## What needs to be done
Your output must be the lines below from the line containing "이번 프로그램은 민원창구에" to the line containing "打开【是否代缴】开关,输入被", both lines included, reproduced exactly and without pictures.

## Data under study
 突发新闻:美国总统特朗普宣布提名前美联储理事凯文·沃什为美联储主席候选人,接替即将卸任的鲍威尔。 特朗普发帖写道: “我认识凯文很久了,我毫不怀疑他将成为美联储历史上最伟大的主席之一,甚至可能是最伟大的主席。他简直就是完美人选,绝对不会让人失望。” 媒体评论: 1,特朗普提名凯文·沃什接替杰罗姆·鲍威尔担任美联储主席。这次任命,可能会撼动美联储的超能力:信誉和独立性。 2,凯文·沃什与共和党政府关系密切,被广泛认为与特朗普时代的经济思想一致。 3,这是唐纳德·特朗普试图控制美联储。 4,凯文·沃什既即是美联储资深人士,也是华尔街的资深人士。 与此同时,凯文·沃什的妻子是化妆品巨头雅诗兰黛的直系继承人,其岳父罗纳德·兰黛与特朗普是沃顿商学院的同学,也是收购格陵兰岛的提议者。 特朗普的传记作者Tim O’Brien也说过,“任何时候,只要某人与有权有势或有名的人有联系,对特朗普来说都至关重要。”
...
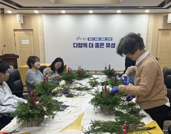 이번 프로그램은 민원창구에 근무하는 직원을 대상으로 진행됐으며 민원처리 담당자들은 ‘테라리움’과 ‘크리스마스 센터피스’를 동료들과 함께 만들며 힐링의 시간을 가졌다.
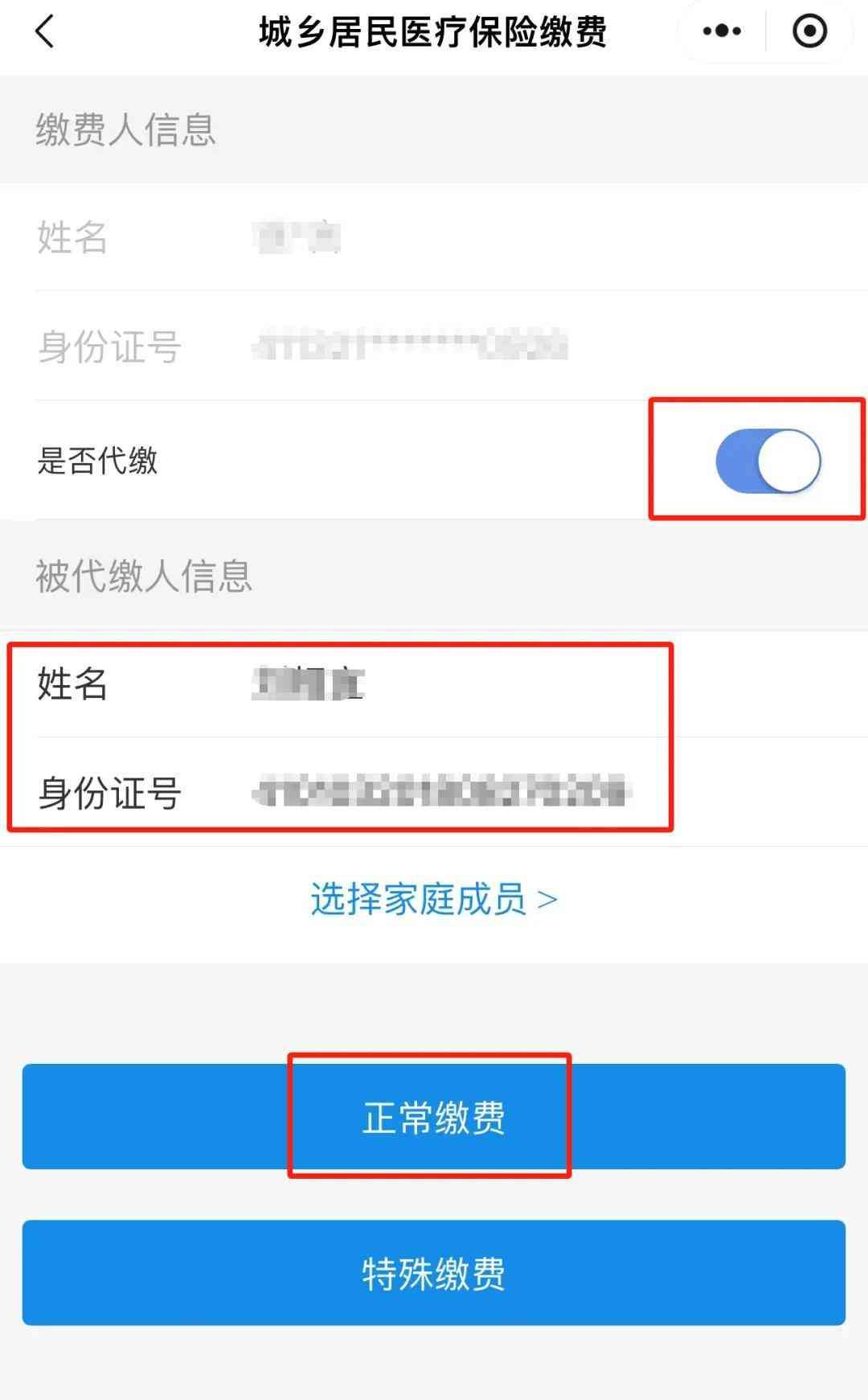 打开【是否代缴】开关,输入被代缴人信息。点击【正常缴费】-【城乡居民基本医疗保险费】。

## Answer to this exercise
 이번 프로그램은 민원창구에 근무하는 직원을 대상으로 진행됐으며 민원처리 담당자들은 ‘테라리움’과 ‘크리스마스 센터피스’를 동료들과 함께 만들며 힐링의 시간을 가졌다.
 打开【是否代缴】开关,输入被代缴人信息。点击【正常缴费】-【城乡居民基本医疗保险费】。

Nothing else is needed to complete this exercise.